Nous vous recommandons d’utiliser des bibliothèques d’authentification pour gérer vos interactions avec les Plateforme d'identités Microsoft. Les bibliothèques d’authentification abstractionnt de nombreux détails de protocole, tels que la validation, la gestion des cookies, la mise en cache des jetons et la maintenance de connexions sécurisées, ce qui vous permet de concentrer votre développement sur les fonctionnalités de votre application.
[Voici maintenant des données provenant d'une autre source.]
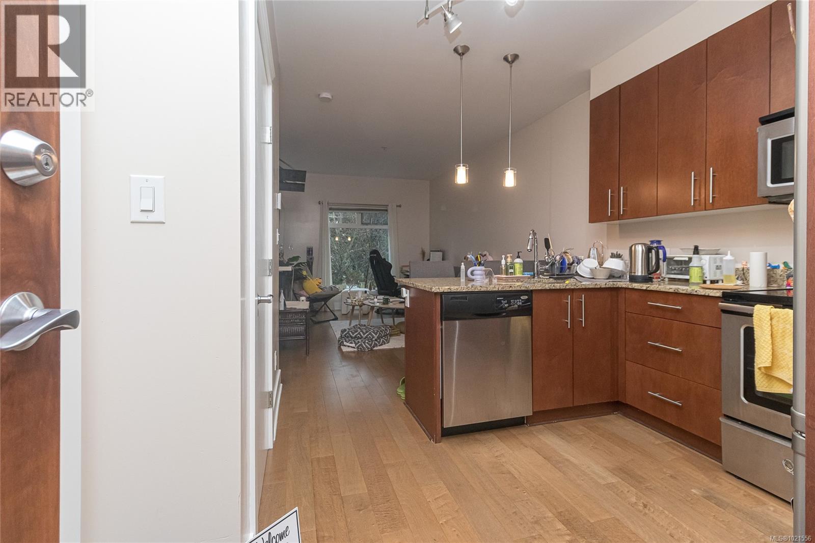 $462 MonthlyThis beautifully designed one-bedroom residence offers an exceptional blend of style, comfort, and sustainability. Enjoy seamless indoor-outdoor living with a spacious west-facing deck—perfect for evening sunsets and entertaining. High-end finishes include geothermal radiant in-floor heating, endless hot water, customized concrete soundproofing, hardwood floors, granite countertops, fibre-optic connectivity, and premium stainless steel appliances. Built to exceed Green Build “Gold” standards, the home also features secure underground parking, heated storage, and full window treatments. Ideally situated within walking distance to VGH and close to shopping, schools, transit and the Galloping Goose trail. This inviting condo delivers effortless urban living in one of Victoria’s most well-connected neighbourhoods. (id:44393)
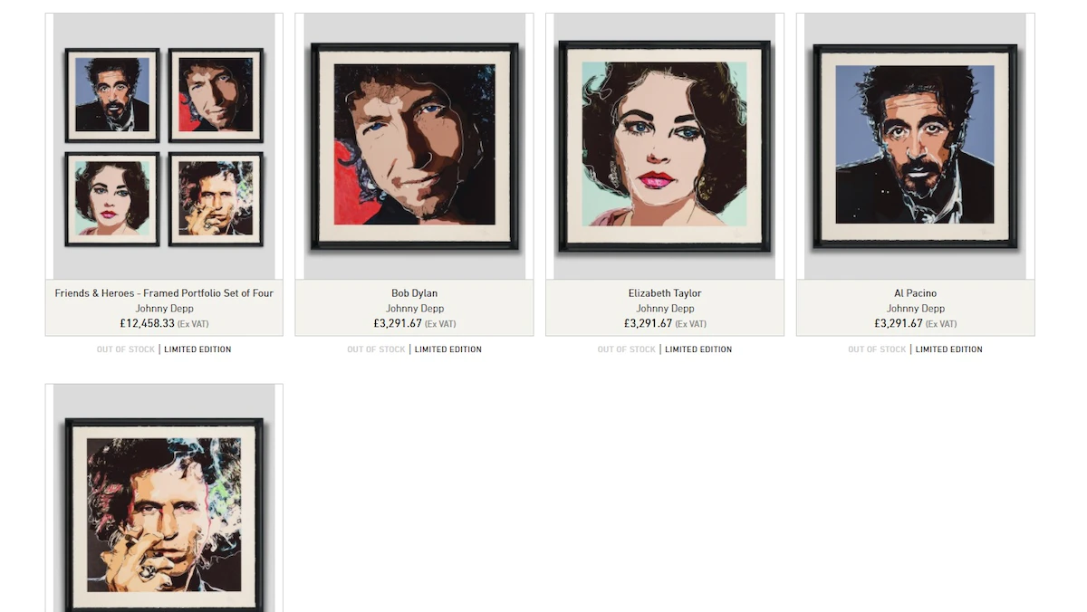 باع الممثل الأميركي جوني ديب، الخميس، مجموعة رسوم نفذها بالكمبيوتر تمثل عدداً من نجوم هوليوود وموسيقى الروك، بنحو 3 ملايين جنيه إسترليني (أكثر من 3.5 مليون دولار).
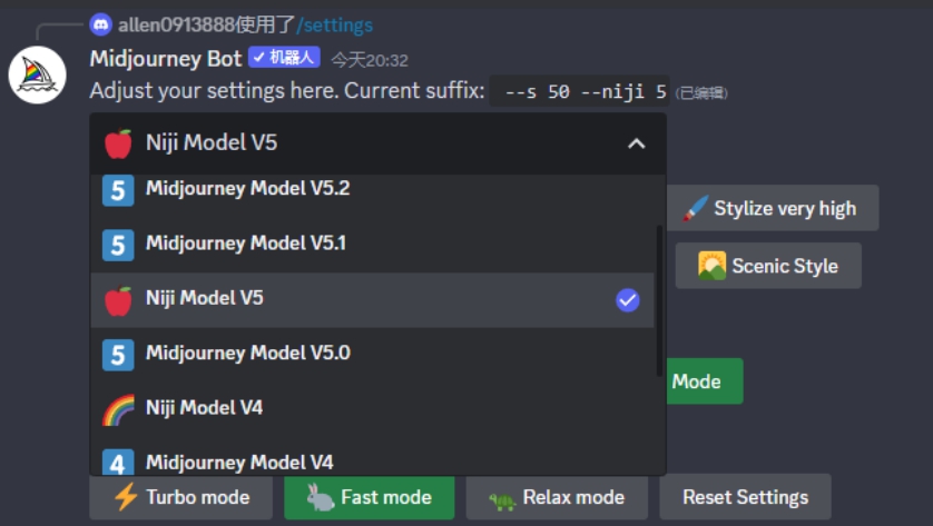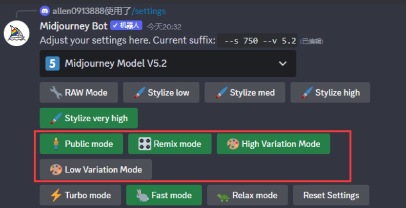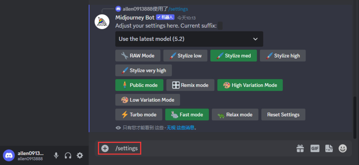 在Midjourney的描述语输入框中输入/settings,按Enter键即可进入图像的偏好设置界面。灰色的是我们没有选择的功能,绿色的是正在生效的功能,如图3.13所示。

Microsoft publie des bibliothèques clientes open source et des intergiciels serveur.

Pour le point de terminaison de la Plateforme d’identités Microsoft :

• Les bibliothèques clientes MSAL (Microsoft Authentication Library) sont disponibles pour diverses infrastructures, notamment pour .NET, JavaScript, Android et iOS. Toutes les plateformes sont en préversion prise en charge par la production et, si des modifications cassants sont introduites, Microsoft garantit un chemin de mise à niveau.
• L’intergiciel serveur de Microsoft est disponible pour .NET Core et ASP.NET (OWIN OpenID Connect et OAuth) et pour Node.js (Plateforme d'identités Microsoft Passport.js).
• Le Plateforme d'identités Microsoft est également compatible avec de nombreuses bibliothèques d’authentification tierces.

Pour obtenir la liste complète des bibliothèques clientes Microsoft, des intergiciels de serveur Microsoft et des bibliothèques tierces compatibles, consultez Plateforme d'identités Microsoft documentation.

Vous n’avez pas besoin d’utiliser une bibliothèque d’authentification pour obtenir un jeton d’accès. Pour en savoir plus sur l’utilisation directe des points de terminaison Plateforme d'identités Microsoft sans l’aide d’une bibliothèque d’authentification, consultez les articles suivants :

• Obtenir l’accès au nom d’un utilisateur
• Obtenir l’accès sans utilisateur

Contenu connexe

• Plateforme d'identités Microsoft documentation.
• Choisissez un fournisseur d’authentification Microsoft Graph en fonction du scénario.
• Vue d’ensemble des autorisations Microsoft Graph.